Each scaling-study experiment's `evaluation.txt` is committed at a known
hash. To exactly reproduce a result, check out the repo at that hash and
run the recipe.

| Experiment | Final commit | Date |
|---|---|---|
| exp 32 (5K, MQ=20) | (pending) | (pending) |
| exp 33 (10K, MQ=20) | (pending) | (pending) |
| exp 34 (20K, MQ=20) | (pending) | (pending) |
| exp 36 (40K, MQ=20) | (pending) | (pending) |

## Random seeds

- Subset selection: `numpy.random.default_rng(42)` → identical manifests
  every time.
- VAE training: PyTorch default (non-deterministic on GPU).

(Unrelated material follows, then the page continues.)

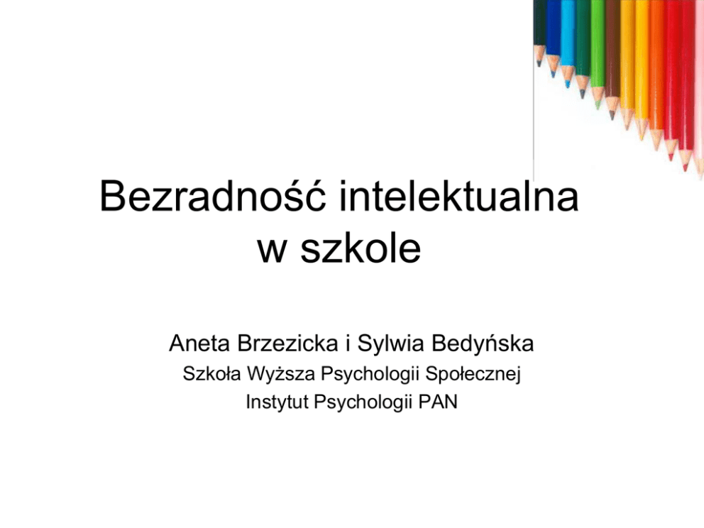 Bezradność intelektualna w szkole Aneta Brzezicka i Sylwia Bedyńska Szkoła Wyższa Psychologii Społecznej Instytut Psychologii PAN Czy problem bezradności intelektualnej dotyczy polskich szkół? • Program Międzynarodowej Oceny Umiejętności Uczniów OECD PISA • „Rozwijanie umiejętności samodzielnego myślenia, rozumowania naukowego, modelowania i rozumowania matematycznego, formułowania hipotez, zwięzłego zapisania wniosków, dostrzegania alternatywnych rozwiązań problemu, stanowi piętę achillesową polskiej oświaty” • System kształcenia promujący odtwórcze podejście do przyswajania wiedzy, bez nacisku na rozwój różnych form myślenia (rozumowania) to doskonała pożywka dla syndromu bezradności intelektualnej www.ifispan.waw.pl/ifis/badania/program_pisa/ Kiedy uczniowie „opowiadają dyrdymały” - ćwiczenie Uczniowskie strategie… przetrwalnikowe • Unikanie wzroku nauczyciela • Bezmyślne potakiwanie • Ściągawki, podpowiedzi • Słowotok • Udawanie (choroby), kłamstwo (na temat np. pogrzebu) Symptomy bezradności intelektualnej (wyczerpanie poznawcze) Emocjonalne: złość, smutek, zniechęcenie, przygnębienie, brak radości z uczenia się przedmiotu Motywacyjne: Poznawcze: zanik motywacji wewnętrznej (nie lubię tego przedmiotu) mniejsza liczba generowanych pomysłów jak rozwiązać zadanie, odczucie pustki w głowie, niepewność co do rozwiązania sytuacyjne „zawieszenie się” myślenia Wyuczona bezradność.. początki • Martin Seligman i współpracownicy (lata 70 XX wieku) – Eksperymenty „z klatką” na psach – Przypadkowe odkrycie psiej „bezmyślności” i trudności w jej pokonaniu Wyuczona bezradność • Wyuczona bezradność (learned helplessness) to utrwalenie przekonań o braku związku przyczynowego między własnym działaniem (reakcją), a jego konsekwencjami (wzmocnieniem) • Uprzedni kontakt z nierozwiązywalną (niekontrolowalną) sytuacją prowadzi do pojawienia się (w nowej sytuacji zadaniowej) deficytów: – Poznawczych (oczekiwanie braku kontroli) – Motywacyjnych (spadek zainteresowania i zaangażowania) – Emocjonalnych (obniżenie nastroju) Bezradność intelektualna poczucie braku kontroli • Wypalenie zawodowe („nie rozumiem co mam robić, żeby byli ze mnie zadowoleni”) • Bezrobocie („nie wiem jakie mam spełniać warunki, żeby dostać pracę”; „nawet jak na głowie stanę, to i tak nic się nie zmieni”) • Depresja („te myśli same przychodzą mi do głowy i nie mogę ich odsunąć”) Bezradność - przyczyny • Uczenie się braku zależności między własnym działaniem a otrzymywanym rezultatem zostało nazwane treningiem bezradności • Powtarzające się sytuacje treningu bezradności prowadzić mogą nie tylko do zaniku inicjatywy (bezrobotni), ale także do rozwinięcia się depresji • Pesymistyczny styl wyjaśniania zdarzeń jako czynnik ryzyka dla wystąpienia wyuczonej bezradności – trudności w działaniu przypisujemy czynnikom stałym, wewnętrznym i ogólnym, np. brakowi zdolności • Trening bezradności - przykład Warunek 1 r Tak Warunek 1 r Nie Warunek 1 r Tak Wybierz odpowiedź 1. 2. 3. 4. 5. Litera r Brak litery r Mały trójkąt Biały trójkąt Szary trójkąt Warunek 2 r Tak Warunek 2 r Nie Warunek 2 r Nie Wybierz odpowiedź 1. 2. 3. 4. 5. 6. Litera r Brak litery r Mały trójkąt Duży trójkąt Biały trójkąt Szary trójkąt Trening bezradności Zadania z warunku 1 są rozwiązywalne. W warunku 2 mimo intensywnego wysiłku nie można znaleźć rozwiązania. Osoba badane nie wie, że zadania są nierozwiązywalne co powoduje, że testuje hipotezy intensywnie ale bez zysku poznawczego w postaci znalezienia rozwiązania. Informacyjny model wyuczonej bezradności (Kofta i Sędek, 1983) • Kluczowe dla powstania syndromu wyuczonej bezradności – brak postępu poznawczego w rozwiązywaniu problemu pomimo intensywnego wysiłku intelektualnego (a nie jedynie dostrzeżenie braku zależności między reakcją i wzmocnieniem) • Przedłużające się „walenie głową w mur” doprowadza do wyczerpania poznawczego • Wyczerpanie = demobilizacja poznawcza – Pogorszenie wykonywania złożonych zadań („pustka w głowie”) – Zanik kreatywności, generowania nowych sposobów rozwiązania zadania – Zanik motywacji wewnętrznej Bezradność intelektualna w szkole • Model Kofty i Sędka w zastosowaniu do warunków szkolnych postuluje, że także w trakcie lekcji może odbywać się trening bezradności • Wtedy gdy uczeń ponawia wysiłki mające na celu opanowanie nowego materiału, lecz jest to bezoowocne • Jeśli uczeń w pewnym momencie swojej kariery szkolnej zostanie zniechęcony do aktywnego i twórczego myślenia w danym obszarze wiedzy – może to być przyczyną częściowego (swoistego) „ogłupienia” (Sędek, 1995) Błędne koło bezradności Nowy, trudny materiał Zmotywowany uczeń próbuje zrozumieć Sposób podawania nowej wiedzy, „aktywne” strategie przyswajania wiedzy Brak zrozumienia materiału Uczeń o pesymistycznym stylu wyjaśniania Uczeń o optymistycznym stylu wyjaśniania Wyczulenie na sygnały niezrozumienia, zadawanie pytań wymagających manipulacji wiedzą a nie jej odtwarzania, promowanie myślenia itp. Brak wsparcia ze strony nauczyciela/ bliskich Nie umiem, bo nie mam zdolności Brak motywacji do dalszej nauki, stosowanie strategii obronnych Nie umiem, ale się nauczę Kolejny materiał, nawet prosty, trudny do przyswojenia Uczeń bezradny intelektualnie – leń? • Uczeń bezradny intelektualnie – Nie tyle opanowuje materiał wolniej niż uczniowie osiągający dobre wyniki w danym przedmiocie – Co przestaje używać swoich „normalnych” możliwości poznawczych do rozwiązywania problemów w danej dziedzinie Jak rozpoznać ucznia bezradnego intelektualnie • Jeśli uczeń: – Nie zna odpowiedzi na pytanie, w którym miesiącu wybuchło Powstanie Listopadowe – Bez wahani

Run-to-run
  variability is small; for the manuscript we report a single run per tier
  and discuss variability in the supplementary.

## Storage

Per 20K samples:

| Asset | Size (≈) |
|---|---|
| FASTQs (paired, gzipped) | 6–10 TB |
| BAMs (sorted + indexed) | 18–24 TB |
| Count TSVs (7,365 bins) | 1.5 GB |
| NPY stores (chrom + plasmid) | 1.5 GB |
| Trained checkpoints + outputs | 200 MB / exp |

FASTQs and BAMs are kept on the HPC scratch until the 40K experiment is
complete; then archived or deleted depending on storage pressure. Count
files and NPY stores are kept indefinitely.